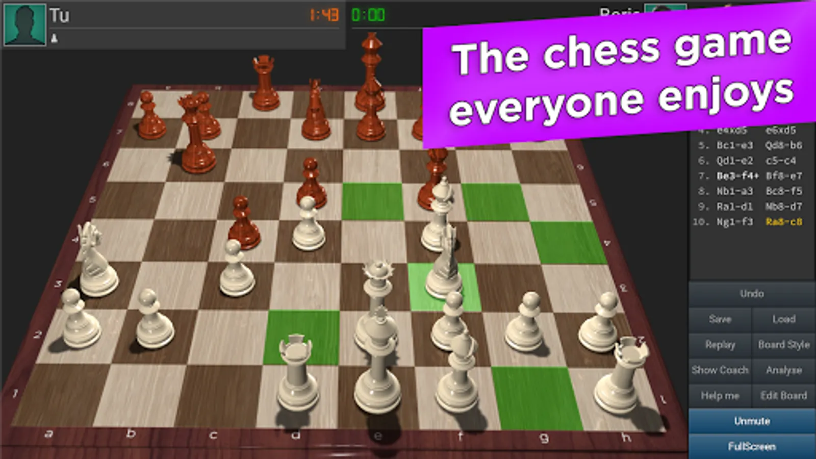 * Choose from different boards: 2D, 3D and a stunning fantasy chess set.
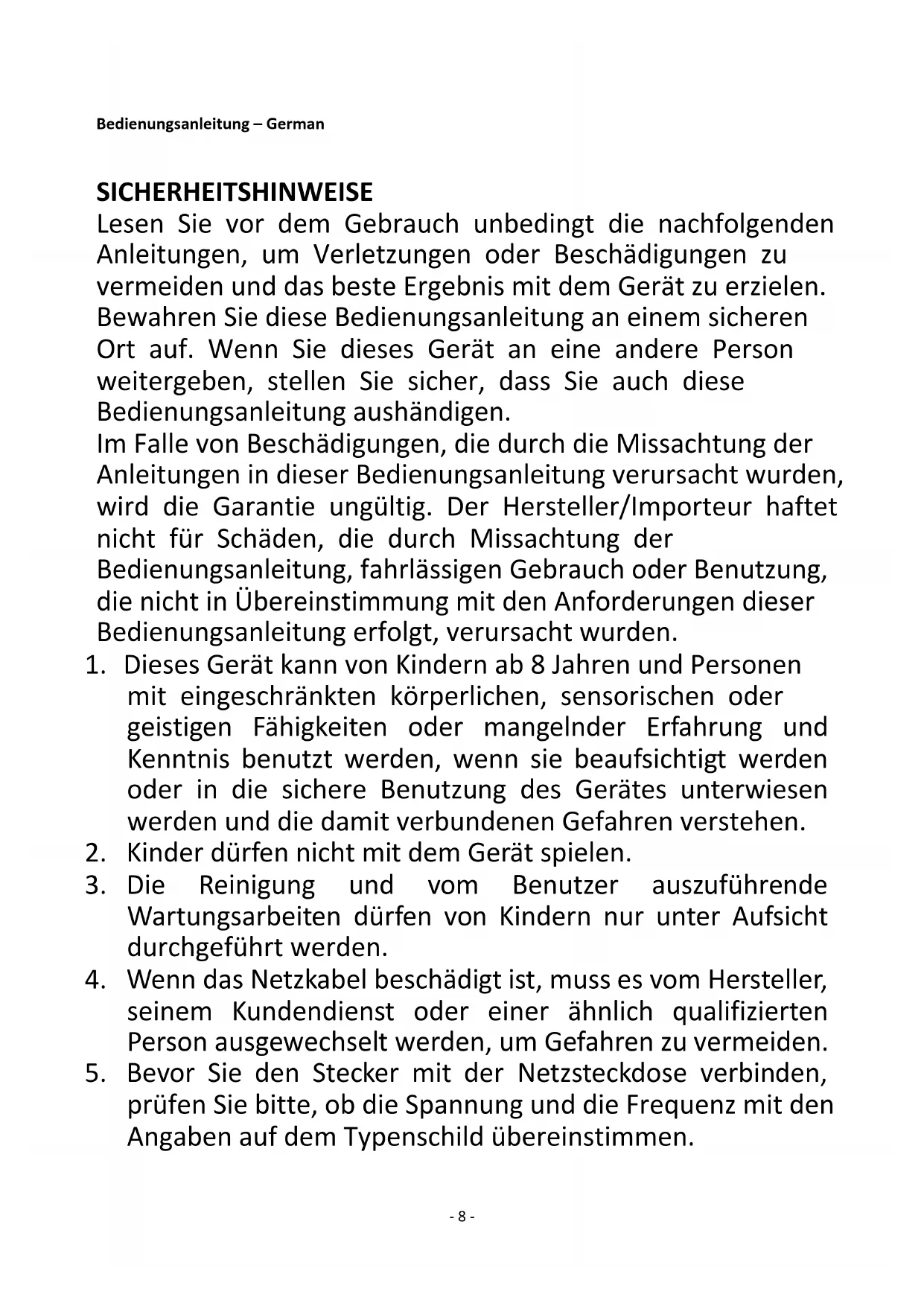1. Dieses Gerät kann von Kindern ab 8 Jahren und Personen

****

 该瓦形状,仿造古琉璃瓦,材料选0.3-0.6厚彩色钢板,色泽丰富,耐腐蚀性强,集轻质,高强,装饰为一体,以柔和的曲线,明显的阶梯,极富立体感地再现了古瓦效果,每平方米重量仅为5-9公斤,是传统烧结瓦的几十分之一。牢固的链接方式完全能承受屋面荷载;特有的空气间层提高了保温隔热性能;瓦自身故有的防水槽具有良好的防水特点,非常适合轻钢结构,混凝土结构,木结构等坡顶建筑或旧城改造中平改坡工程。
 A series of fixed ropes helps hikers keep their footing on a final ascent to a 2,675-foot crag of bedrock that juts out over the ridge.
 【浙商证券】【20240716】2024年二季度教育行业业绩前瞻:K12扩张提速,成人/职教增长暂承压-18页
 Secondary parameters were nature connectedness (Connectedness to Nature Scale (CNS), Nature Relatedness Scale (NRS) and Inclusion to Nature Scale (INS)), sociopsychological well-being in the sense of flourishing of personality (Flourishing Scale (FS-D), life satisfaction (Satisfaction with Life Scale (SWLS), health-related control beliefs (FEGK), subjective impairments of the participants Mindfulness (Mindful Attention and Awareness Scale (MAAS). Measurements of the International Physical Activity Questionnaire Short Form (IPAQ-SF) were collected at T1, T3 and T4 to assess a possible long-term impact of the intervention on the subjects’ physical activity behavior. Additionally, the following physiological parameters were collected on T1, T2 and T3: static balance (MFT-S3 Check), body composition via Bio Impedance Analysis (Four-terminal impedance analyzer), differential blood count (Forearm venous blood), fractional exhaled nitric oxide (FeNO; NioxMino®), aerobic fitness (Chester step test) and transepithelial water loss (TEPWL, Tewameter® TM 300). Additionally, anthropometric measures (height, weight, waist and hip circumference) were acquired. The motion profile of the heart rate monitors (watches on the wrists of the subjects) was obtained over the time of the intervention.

****

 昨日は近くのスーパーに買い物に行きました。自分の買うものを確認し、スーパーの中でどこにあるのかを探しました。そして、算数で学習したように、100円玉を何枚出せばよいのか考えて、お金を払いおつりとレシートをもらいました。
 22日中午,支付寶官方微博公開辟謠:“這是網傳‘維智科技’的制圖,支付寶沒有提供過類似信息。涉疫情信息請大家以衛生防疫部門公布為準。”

****

** What you are asked to do **
Reproduce, word for word and in full, only the lines above that start at the line with "昨日は近くのスーパーに買い物" and run through the line with "22日中午,支付寶官方微博公", both ends included.

** Finished task **
 昨日は近くのスーパーに買い物に行きました。自分の買うものを確認し、スーパーの中でどこにあるのかを探しました。そして、算数で学習したように、100円玉を何枚出せばよいのか考えて、お金を払いおつりとレシートをもらいました。
 22日中午,支付寶官方微博公開辟謠:“這是網傳‘維智科技’的制圖,支付寶沒有提供過類似信息。涉疫情信息請大家以衛生防疫部門公布為準。”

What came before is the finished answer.